# Input records
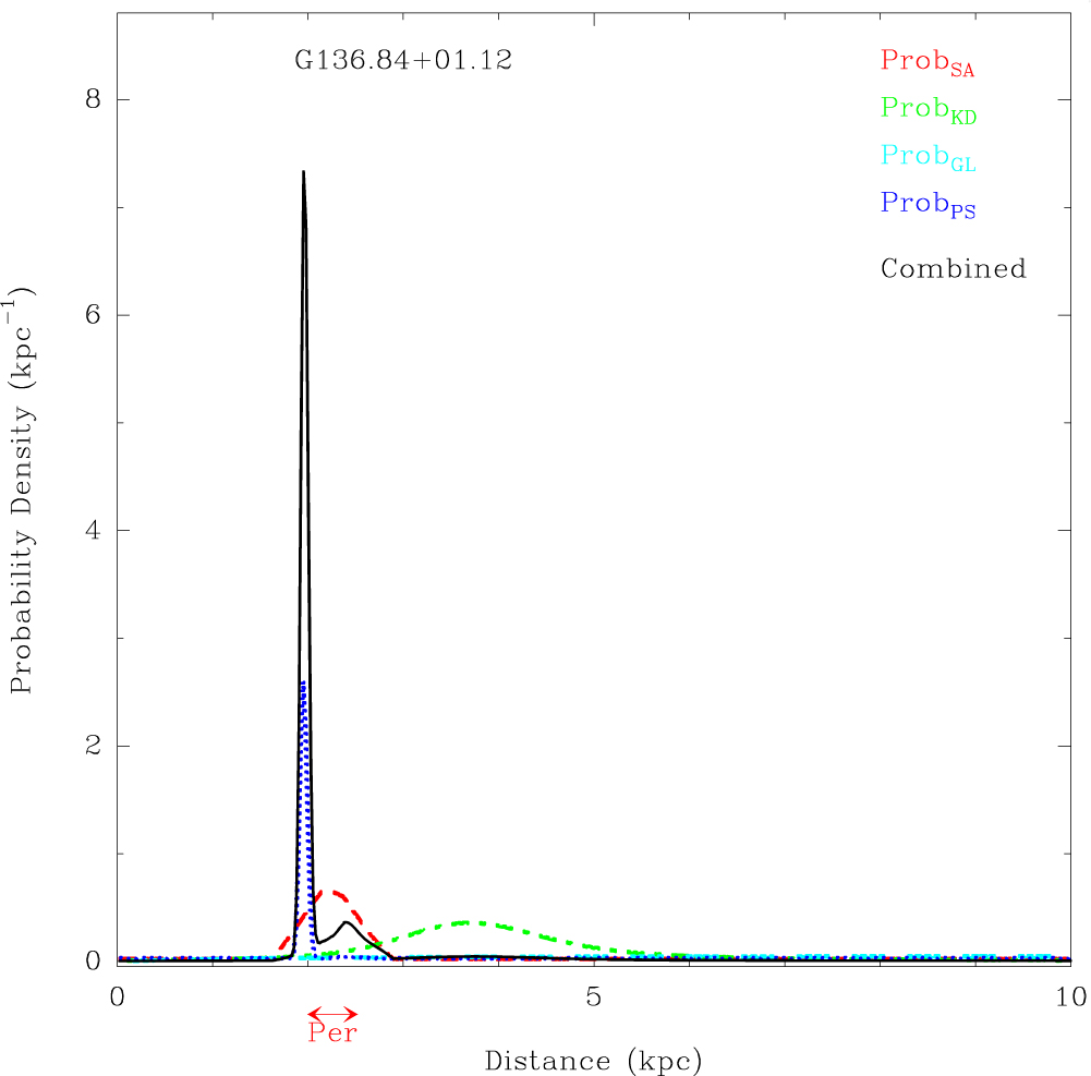 Distance PDF for G136.84+01.12, a 6.7 GHz methanol maser at ﹩v=-45﹩ km s−1 from the Pestalozzi et al. (2005) catalog. The (l, b, v)src values associate it with the Perseus spiral arm centered near 2.4 kpc (red dashed line). This information, coupled with association with the parallax source G133.95+01.05 (blue dotted line), favors the distance estimate of 1.96 ± 0.04 kpc over the arm center. Note that the kinematic distance (green dotted–dashed line) suggests a much greater distance of 3.7 kpc, as it does for many sources in this part of the Perseus arm which is known to be kinematically anomalous.
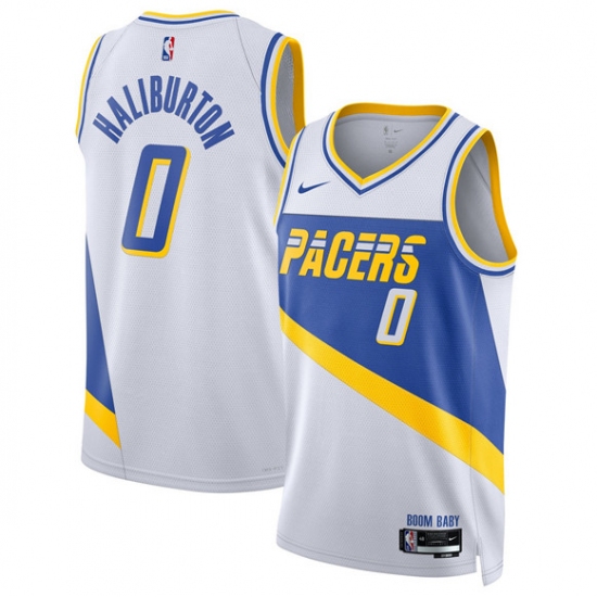Men's Indiana Pacers #0 Tyrese Haliburton White 2025 Finals City Edition Stitched Basketball Jersey
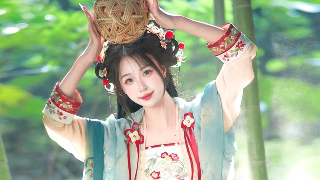 顾词谣今天穿了一套青绿色汉服,手里还拿着一个蹴鞠,是等下节目要用到的。
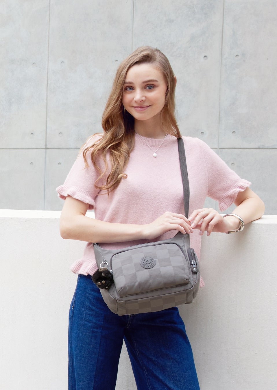 2026年春夏の日本限定コレクション「Inviting Gr Emb」は、日本の伝統柄である「市松模様」をモチーフにした総柄デザインが特長です。このパターンは、図柄が途切れることなく続いて行くことから「永遠」「発展」「繁栄」を象徴する縁起の良い模様として親しまれてきました。本コレクションではその伝統的な「市松模様」をキプリングらしい感性で再構築し、濃淡が引き立つエンボス加工で仕上げています。
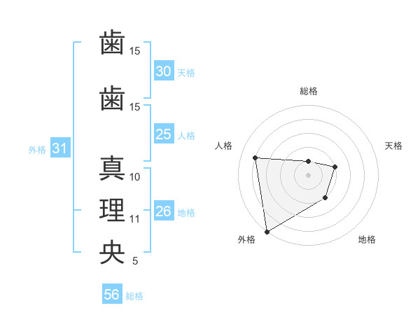 歯歯 真理央さんの外格は31画の5点!
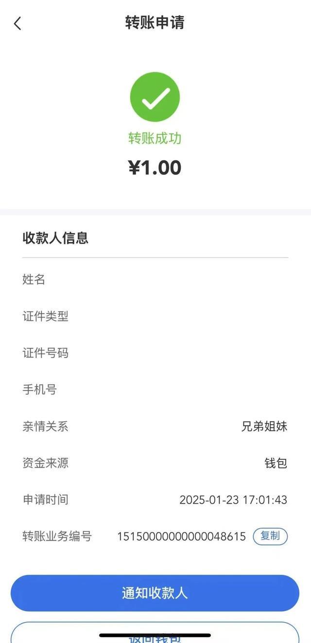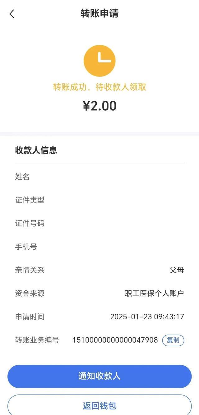 ■在钱包前面界面,点击医保钱包转账申请,填写被转账人基本信息,填写完成之后,点击提交,等待返回信息:
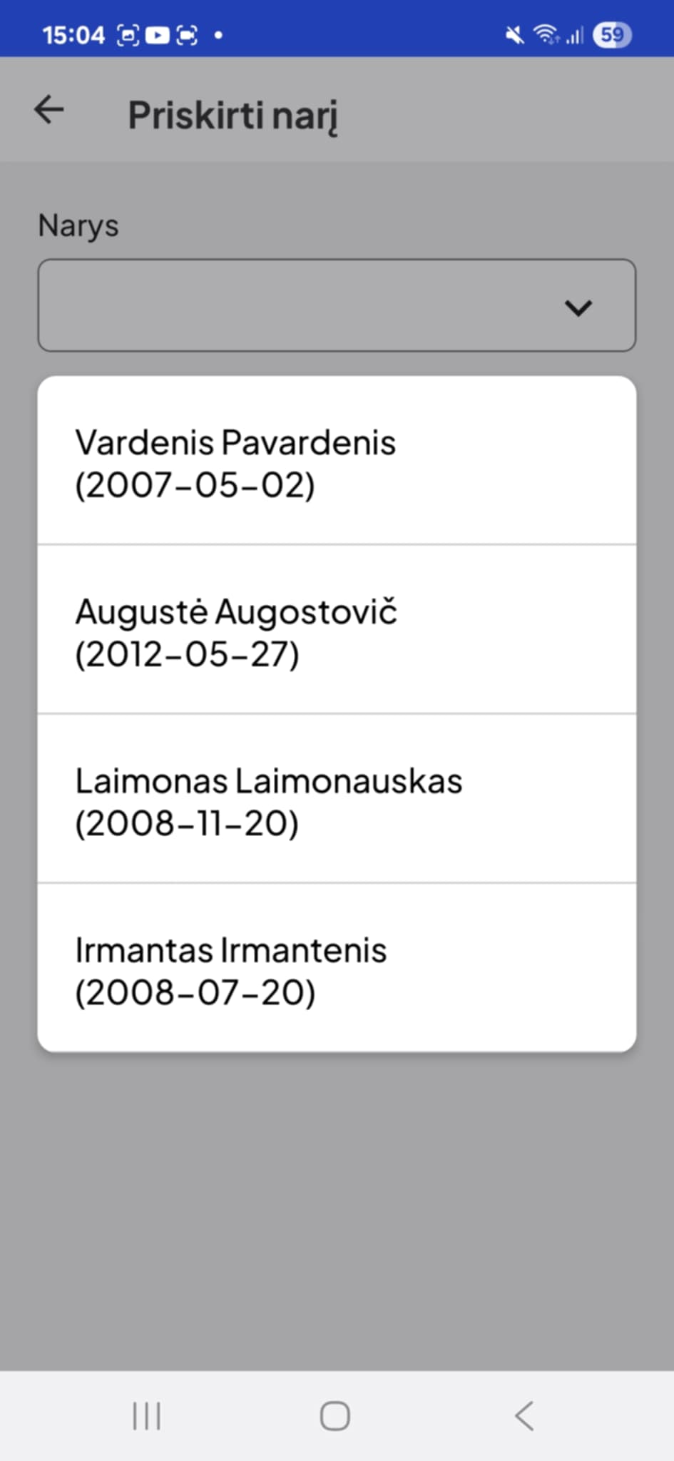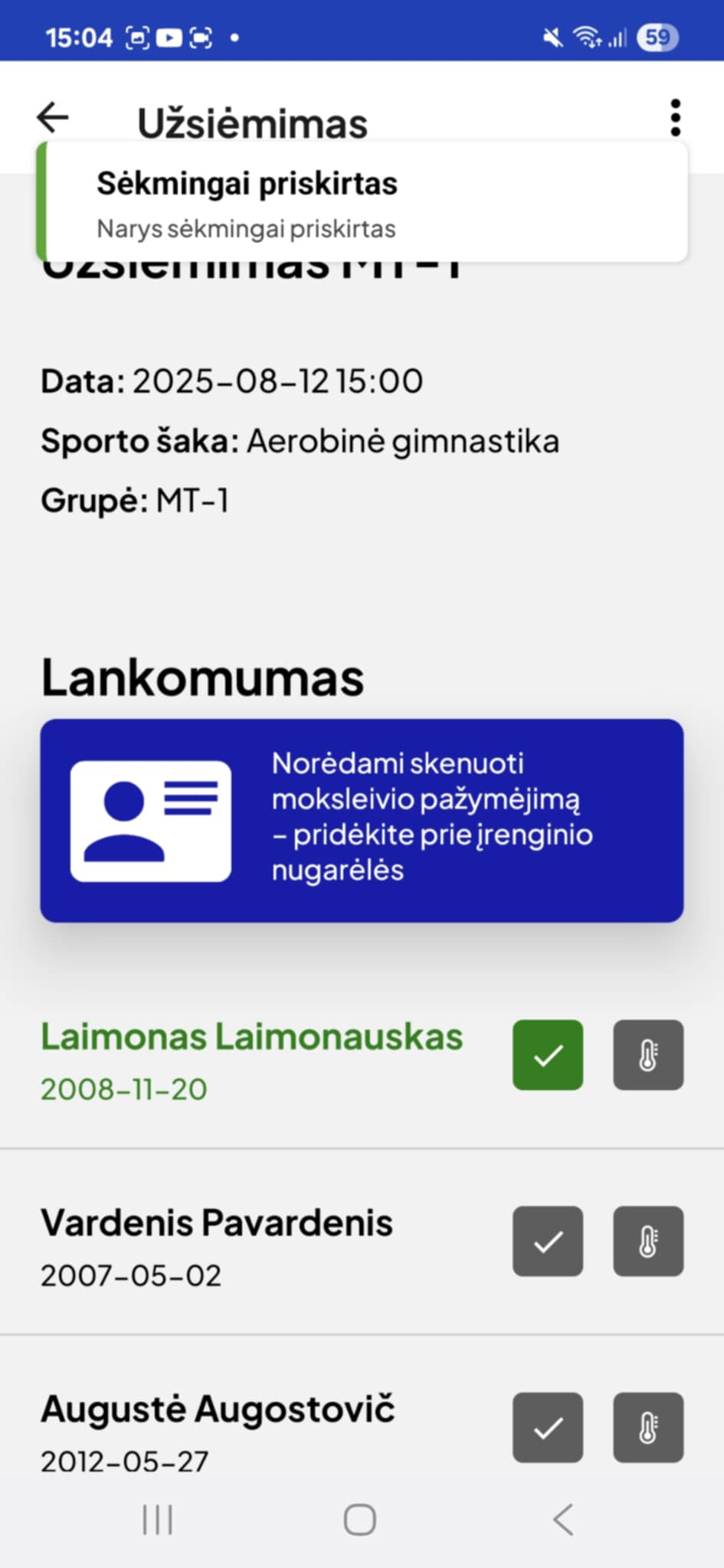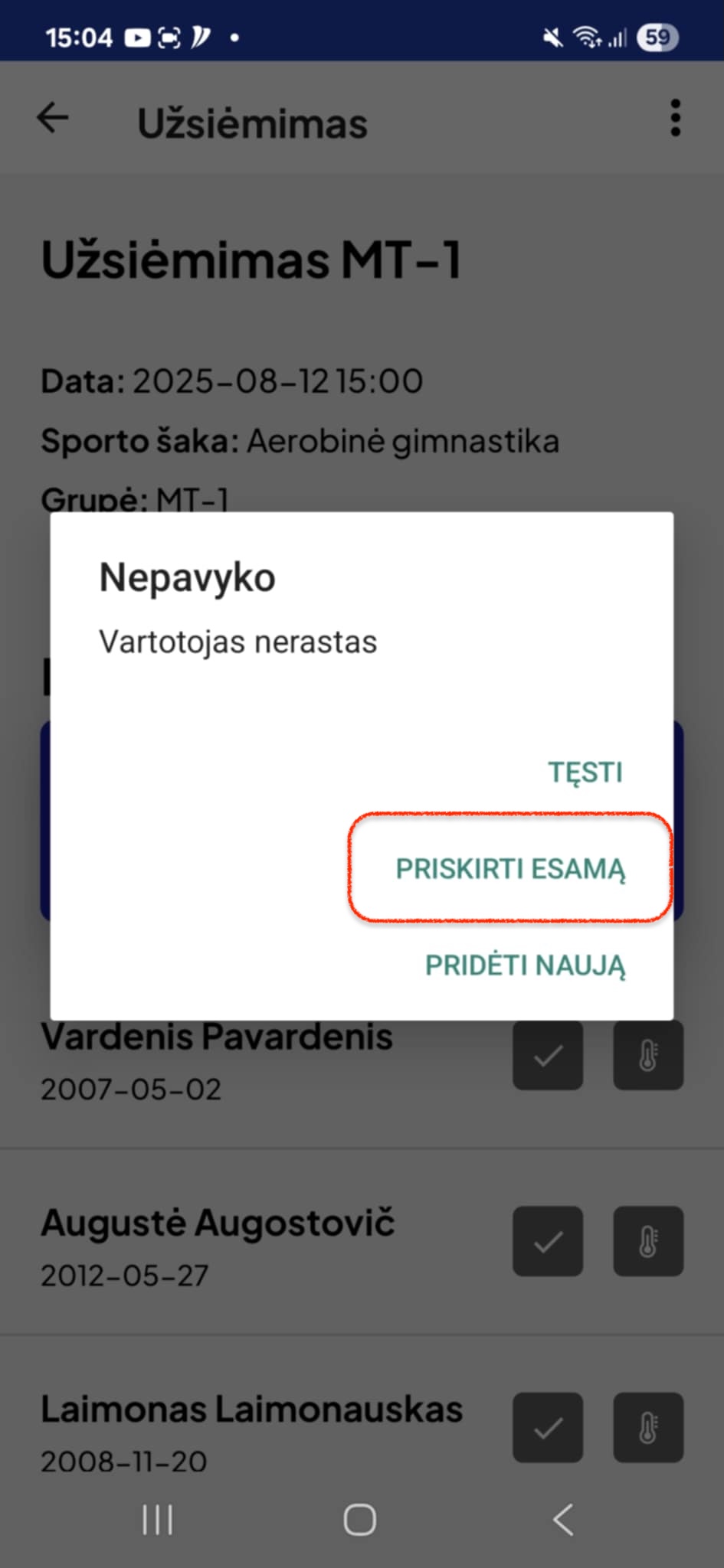 Kartais nutinka, kad moksleivio kortelė nėra identifikuojama, arba ji naujai pagaminta ir apie ją duomenų dar nėra. Tokiu atveju jums per android app "Sportas Klaipėda" nuskaičius NFC, turėtų išmesti pranešimą ir pasiūlyti kortelę priskirti esamam iš sąrašo. Spauskite "Priskirti esamą"

# Directions
Print the records word for word and exclude any picture they hold.

# Response for this exercise
 Distance PDF for G136.84+01.12, a 6.7 GHz methanol maser at ﹩v=-45﹩ km s−1 from the Pestalozzi et al. (2005) catalog. The (l, b, v)src values associate it with the Perseus spiral arm centered near 2.4 kpc (red dashed line). This information, coupled with association with the parallax source G133.95+01.05 (blue dotted line), favors the distance estimate of 1.96 ± 0.04 kpc over the arm center. Note that the kinematic distance (green dotted–dashed line) suggests a much greater distance of 3.7 kpc, as it does for many sources in this part of the Perseus arm which is known to be kinematically anomalous.
Men's Indiana Pacers #0 Tyrese Haliburton White 2025 Finals City Edition Stitched Basketball Jersey
 顾词谣今天穿了一套青绿色汉服,手里还拿着一个蹴鞠,是等下节目要用到的。
 2026年春夏の日本限定コレクション「Inviting Gr Emb」は、日本の伝統柄である「市松模様」をモチーフにした総柄デザインが特長です。このパターンは、図柄が途切れることなく続いて行くことから「永遠」「発展」「繁栄」を象徴する縁起の良い模様として親しまれてきました。本コレクションではその伝統的な「市松模様」をキプリングらしい感性で再構築し、濃淡が引き立つエンボス加工で仕上げています。
 歯歯 真理央さんの外格は31画の5点!
 ■在钱包前面界面,点击医保钱包转账申请,填写被转账人基本信息,填写完成之后,点击提交,等待返回信息:
 Kartais nutinka, kad moksleivio kortelė nėra identifikuojama, arba ji naujai pagaminta ir apie ją duomenų dar nėra. Tokiu atveju jums per android app "Sportas Klaipėda" nuskaičius NFC, turėtų išmesti pranešimą ir pasiūlyti kortelę priskirti esamam iš sąrašo. Spauskite "Priskirti esamą"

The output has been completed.